Determine the kind of each of the following variables:

- `insp['score']`
- `insp['grade']`
- `viol['violation_accela']`
- `viol['major_violation']`
- `rest['business_id']`
- `rest['opened_date']`

### Feature types vs. data types

- The data type `pandas` uses is not the same as the "data type" we talked about just now!
    - Difference between feature type vs. computational data type.
- Take care when the two don't match up very well!

In [None]:
# pandas stores as int, but actually nominal
rest['business_id']

In [None]:
# pandas stores as string, but actually numeric
rest['opened_date']

## Data Cleaning: Quality Checks

We often start an analysis by checking the quality of the data.

- Scope: Do the data match your understanding of the population? 
- Measurements and values: Are the values reasonable?
- Relationships: Are related features in agreement?
- Analysis: Which features might be useful in a future analysis? 

### Scope

In [None]:
rest.head(2)

### Measurements and Values

In [None]:
insp['grade'].value_counts()

In [None]:
insp.info()

In [None]:
(rest[rest.duplicated(subset=['address'])]
 .sort_values('address')
)

### Relationships

In [None]:
# Useful to check whether ZIP codes match!
rest[['address', 'zip']]

In [None]:
insp[['score', 'grade']]

### Analysis

- Most interested in:
    - `rest` df: `business_id`, `name`, `address`, `opened_date` from `rest`
    - `insp` df: `business_id`, `inspection_id`, `score`, `grade`, `completed_date`, `status`
    - `viol` df: `inspection_id`, `violation`, `major_violation`, `violation_text`, `violation_accela`
- Also, let's rename a few columns to make them easier to work with.

### 💡 Pro-Tip: Using `pipe`

When we manipulate dataframes, we prefer to define individual functions for each step, then use `df.pipe` to chain them all together.
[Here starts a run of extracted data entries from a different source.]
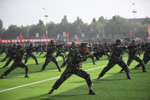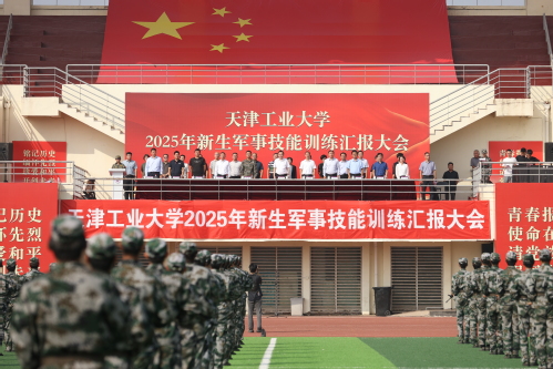 汇报大会在庄严的升国旗仪式中拉开序幕。20个分列式方队以整齐划一的步伐、高亢嘹亮的口号依次通过主席台,充分展现了天工学子朝气蓬勃、奋发向上的精神风貌。在军事技能汇报展示中,女子匕首术刚柔并济,一招一式诠释巾帼不让须眉的飒爽英姿;战术方阵持枪匍匐、翻越障碍,班组协同战术演示将汇报大会推向高潮,赢得现场师生热烈掌声;男子刺杀操方阵由500名2025级新生组成,动作刚猛有力、气势如虹,突刺格挡间彰显敢打必胜的坚定信念。
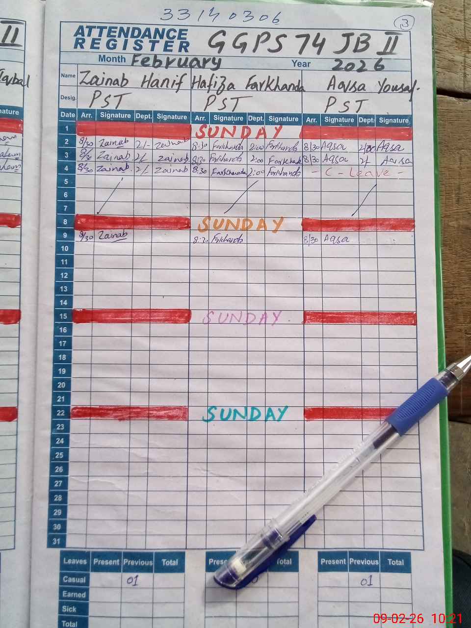 | EMIS Code: 33140306 | Name of School: GGPS CHAK NO 74 JB II | |||
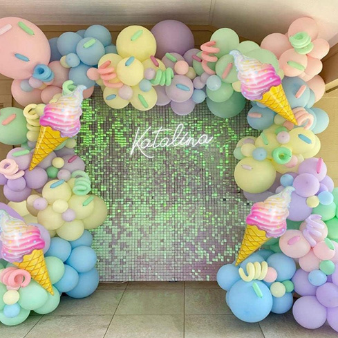 La Niun® Balloon Factory fournit un service de personnalisation Garland Arch Free Balloon. Dites-nous simplement votre concept de logo et de conception d'image, et nous créerons un paquet Garland Balloon Garland macaron de crème glacée qui vous appartient. Notre équipe de conception professionnelle l'optimisera et commencera la production jusqu'à ce que le client soit satisfait.
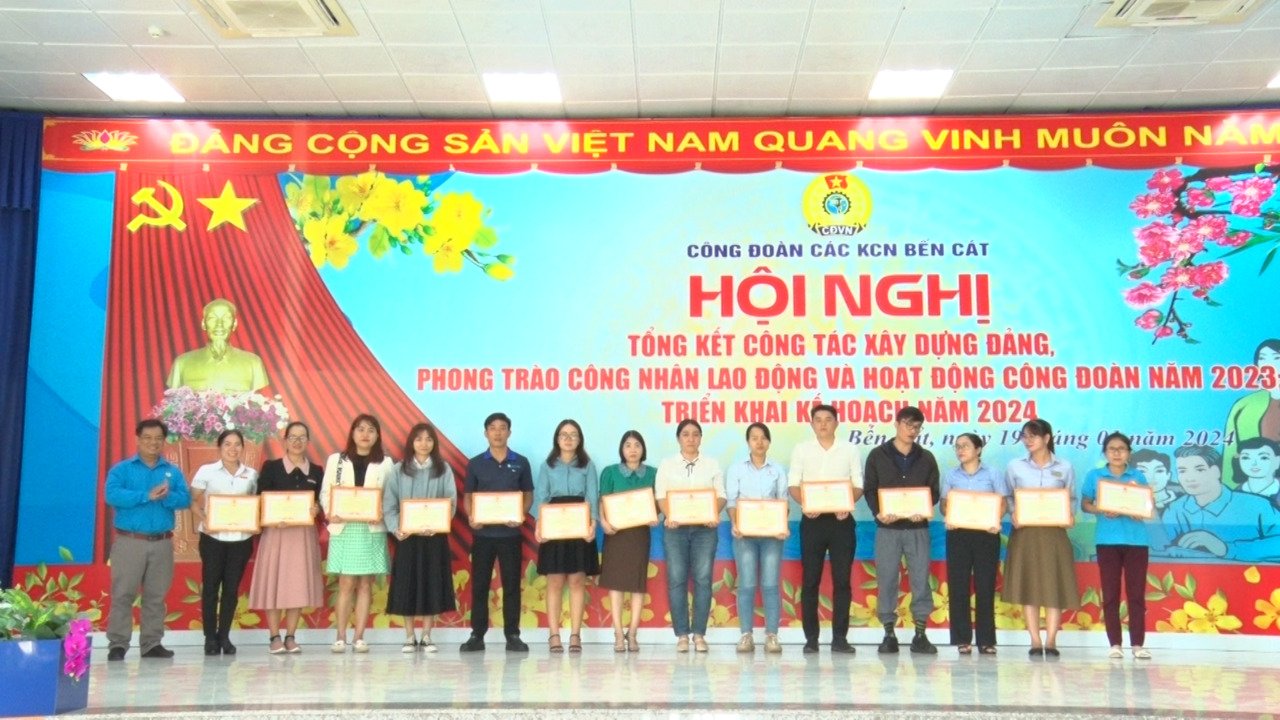 Dịp này, Công đoàn các KCN Bến Cát đã khen thưởng cho 136 công đoàn cơ sở có thành tích xuất sắc trong phong trào công nhân và hoạt động Công đoàn năm 2023.
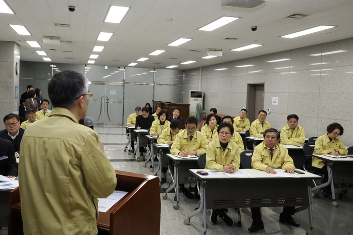 이날 구의회는 오상철 구 보건소장으로부터 신종 코로나바이러스 국내외 발생현황, 감염경로, 감염 예방행동수칙, 대응상황과 향후 계획 등에 대해 보고받았다.
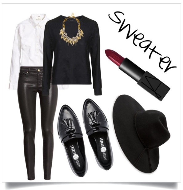 White Button Down-Sweater Get city fabulous in a pair of leather pants, penny loafers, and a fedora. It will add a bit of edge to your layered look!
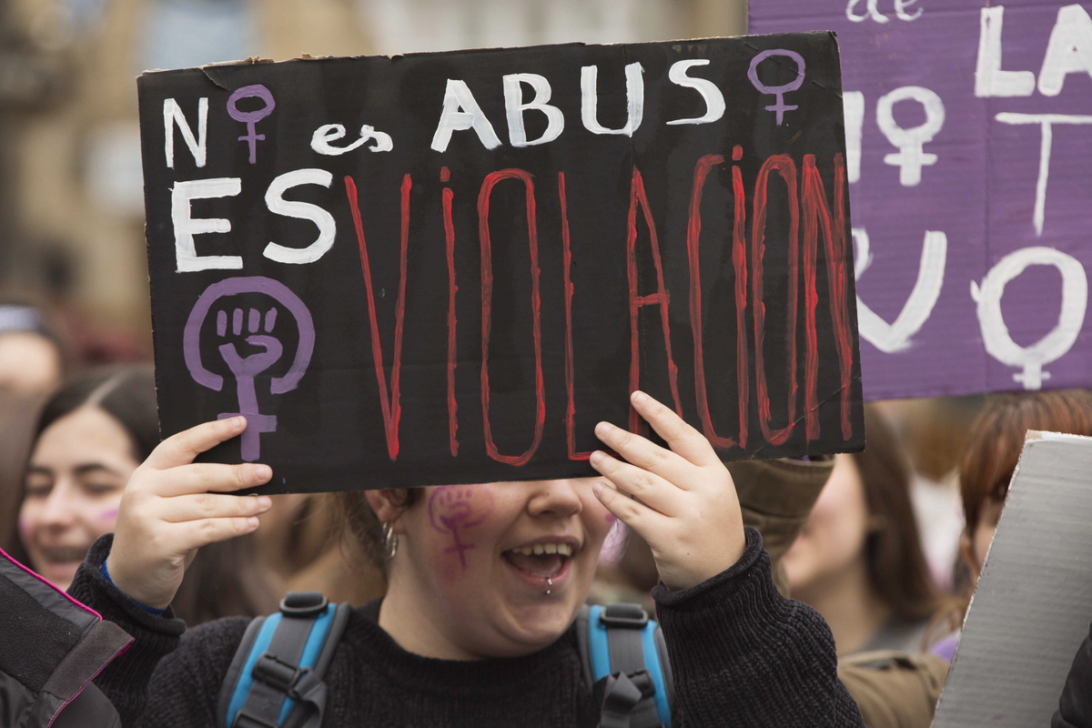 epa06725266 A student holds a banner that reads 'It is not abuse, it is rape', as hundreds of people protest against the judicial decision in the so-called La Manada case in Vitoria, basque Country, northern Spain, 10 May 2018. The verdict sentenced all five accused to nine years imprisonment for sexual abuse of a young woman during San Fermines fiestas back in 2016. The sentence has caused a national outrage and several protests against the judge's decision to not consider the act as a rape as, according to the sentence, there was no violence. EPA/David Aguilar

- In practice, we would add functions one by one to the top of a notebook, then `pipe` them all.
- For today, will keep re-running `pipe` to show data cleaning process.

In [None]:
def subset_rest(rest):
    return rest[['business_id', 'name', 'address', 'opened_date']]

rest = (
    pd.read_csv('data/restaurants.csv')
    .pipe(subset_rest)
)

In [None]:
def subset_insp(insp):
    return (
        insp[['business_id', 'inspection_id', 'score', 'grade', 'completed_date', 'status']]
        .rename(columns={'completed_date': 'date'})
    )

insp = (
    pd.read_csv('data/inspections.csv')
    .pipe(subset_insp)
)

In [None]:
def subset_viol(viol):
    return (
        viol[['inspection_id', 'violation', 'major_violation', 'violation_accela']]
        .rename(columns={'violation': 'kind',
                         'major_violation': 'is_major',
                         'violation_accela': 'violation'})
    )

viol = (
    pd.read_csv('data/violations.csv')
    .pipe(subset_viol)
)

### Joining the Restaurant Data

Let's join all three dataframes together so that we have all the data in one dataframe:

In [None]:
def merge_all_restaurant_data():
    return (
        rest
        .merge(insp, on='business_id', how='left')
        .merge(viol, on='inspection_id', how='left')
    )

df = merge_all_restaurant_data()
df

## Data Cleaning: Looking for Missing Values

Next, it's important to check for missing values, as they can have a big effect on your analysis.

In [None]:
insp[['score', 'grade']]

In [None]:
df[df['inspection_id'].isna()]

In [None]:
df.query('score == 0')

Many ways of handling missing values which we'll go into soon, but you must check to see how many you have!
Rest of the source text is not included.